Foram 10 Juízes Federais que conduziram os processos na JFPR de 1891 a 1937, de cujas biografias sabemos muito pouco (é…não havia página na internet, facebook, nem instagram…), apenas dados esparsos de jornais da época ou dos próprios processos em que atuaram. Aliás, os processos históricos desta fase foram digitalizados e grande parte deles já está disponível na íntegra para consulta pública na área de Memória da JFPR (em “Processos Históricos”).

Numa “Corityba” muito diferente da de hoje (o nome de nossa cidade só viria a ser grafado como “Curitiba”, por intermédio de Decreto-Lei de 1919, pois, até então o topônimo da cidade era grafado de duas formas: “Curityba” ou “Corityba”), esta edição homenageia 10 magistrados que atuaram na Justiça Federal logo após sua instalação na Capital – em 11 de março de 1891 – até sua extinção, em 1937. São eles os Juízes Seccionais (equiparados aos 'titulares'): Manoel Ignácio Carvalho de Mendonça, João Baptista da Costa Carvalho, Affonso Maria de Oliveira Penteado e Luiz Affonso Chagas. E os Juízes Seccionais Substitutos (equiparados aos 'substitutos', porém com mandato de 6 anos): Bento José Lamenha Lins, Claudino Rogoberto Ferreira dos Santos, Samuel Annibal de Carvalho Chaves, Bernardo Moreira Garcez, Antonio Victor de Sá Barreto e Joaquim Fonseca Sant'anna Lobo.
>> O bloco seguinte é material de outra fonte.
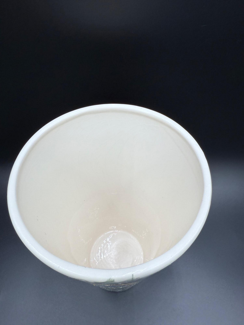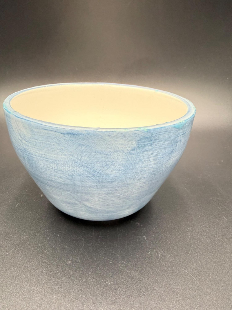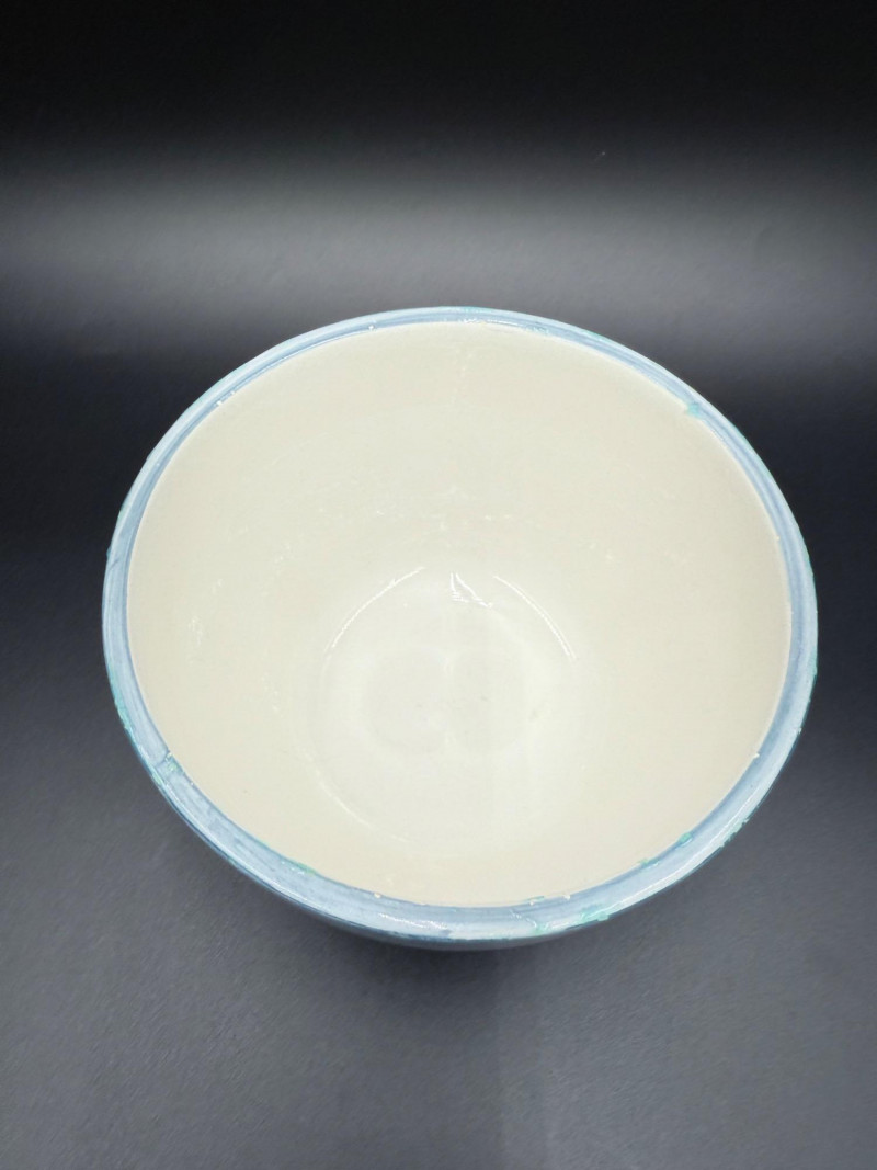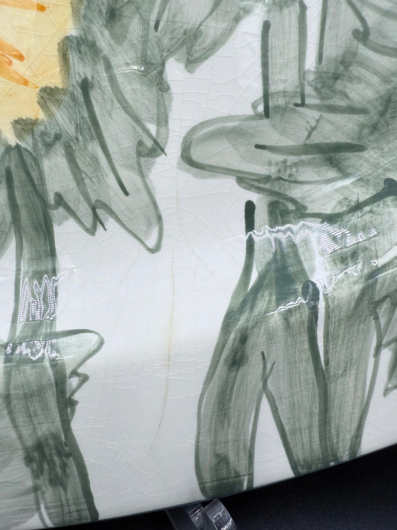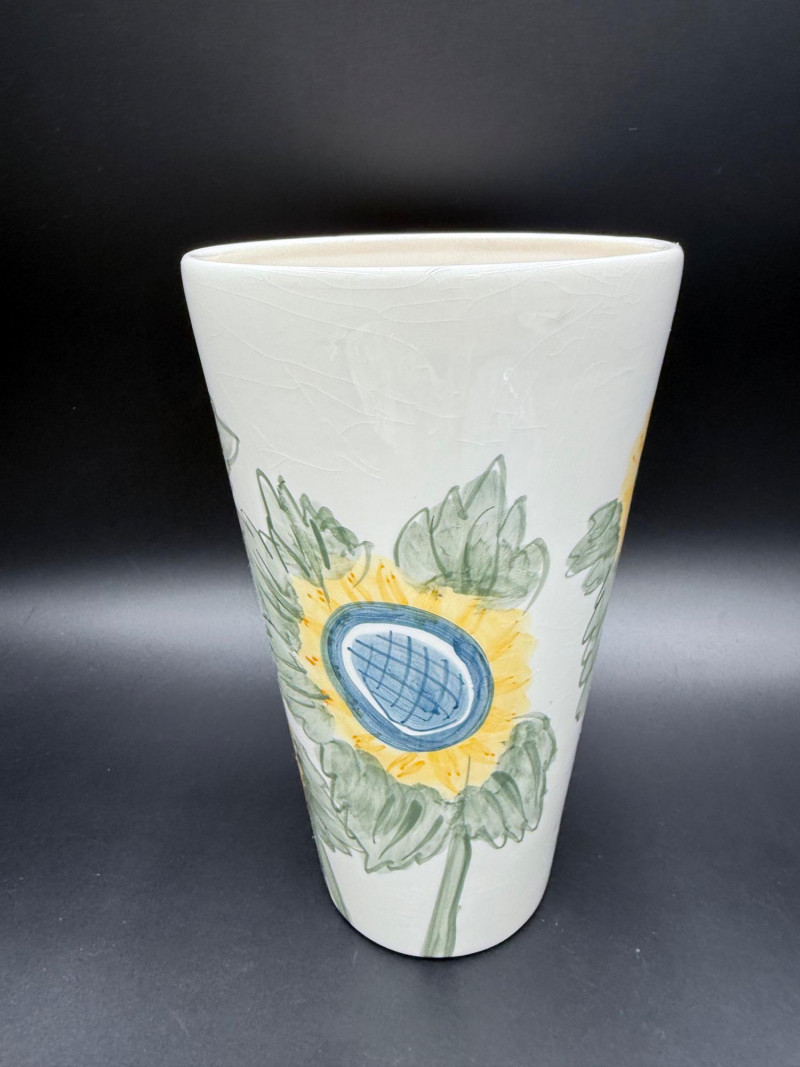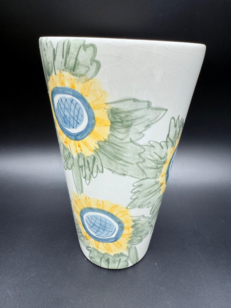 Eddie Bauer Home Ceramic Tableware Set – 6 Pieces Six-piece ceramic tableware set consisting of two oval serving platters, one vase, two round plates, and one bowl. The platters and vase display sunflower motifs composed of green leaves and concentric circular forms in yellow and blue. The round plates and bowl are finished in a blue brushed glaze with visible circular strokes. The platters have a shallow oval form with wide surfaces. The vase is tall and tapering with a flared mouth. The plates are round and flat. The bowl is small and rounded with an open top and smooth walls. All items are marked “Eddie Bauer Home – Made in China.” Dimensions: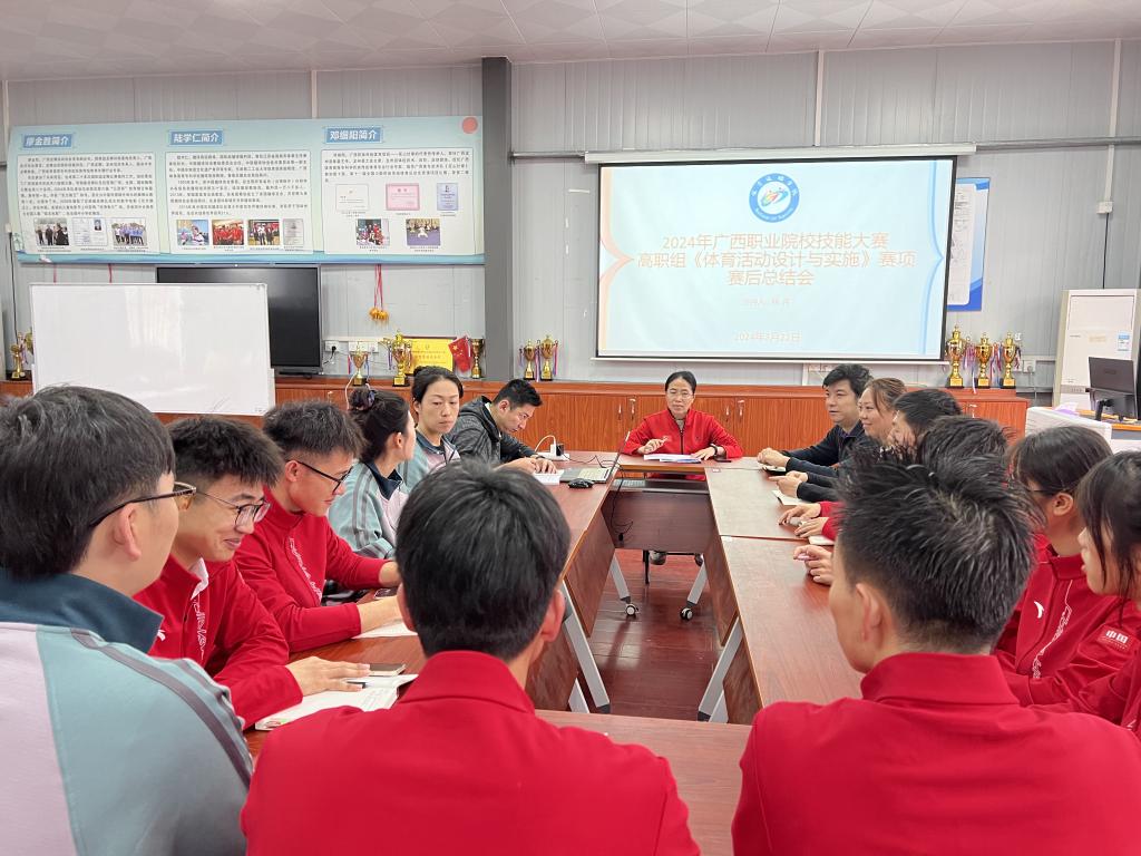 3月22日,6211会议室,我院对代表爱体育电子官方网站参加2024年广西职业院校技能大赛高职组《体育活动设计与实施》赛项的参赛队召开了赛后总结会。院长林月、副院长余晶和黄绍华、民族体育教研室主任梁思捷以及参加此次比赛的教练团队和全体参赛队员参加了会议。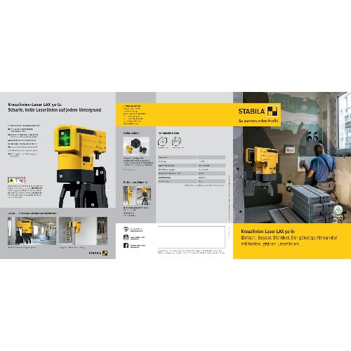 Leistungsstark und flexibel – so präsentiert sich der Kreuzlinien-Laser LAX 50 G. Wenn Sie zu den Profis gehören, die auf ein außergewöhnlich gut sichtbares Laserkreuz Wert legen, dann wird Sie die innovative STABILA GREENBEAM-Technologie überzeugen. Die praktische Mehrzweckplattform ist eine perfekte Ergänzung des einfach zu bedienenden Lasers. Dank der flexiblen Befestigungsmöglichkeiten können Sie den Laser auf eine gewünschte Arbeitshöhe positionieren. Profitieren Sie von diesem Allroundtalent für den Innenausbau.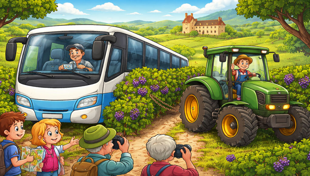 โSta je met een enorme bus midden tussen de druiven!โ ๐๐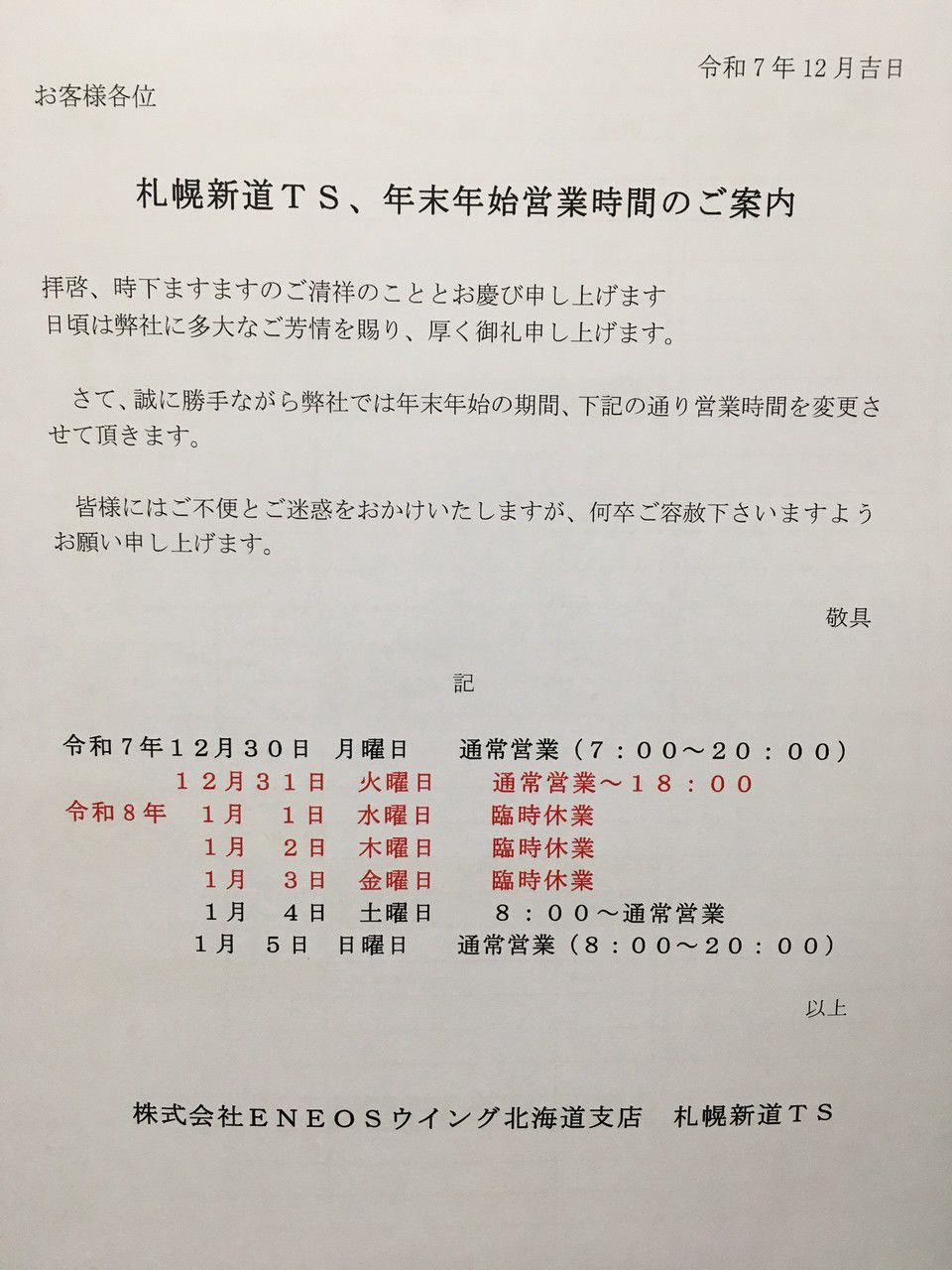 ENEOSウイング 札幌新道TS

Há uma menção, ainda, ao Juiz Jaquim Miró, que ocupou o cargo por apenas 5 meses, durante licença médica do Juiz Claudino Rogoberto.

Então, vamos viajar ao passado da Justiça Federal paranaense e saber um pouco mais sobre estes personagens?

O link é este: Momento Memória Biografias – Os Juízes da 1ª Fase da JFPR.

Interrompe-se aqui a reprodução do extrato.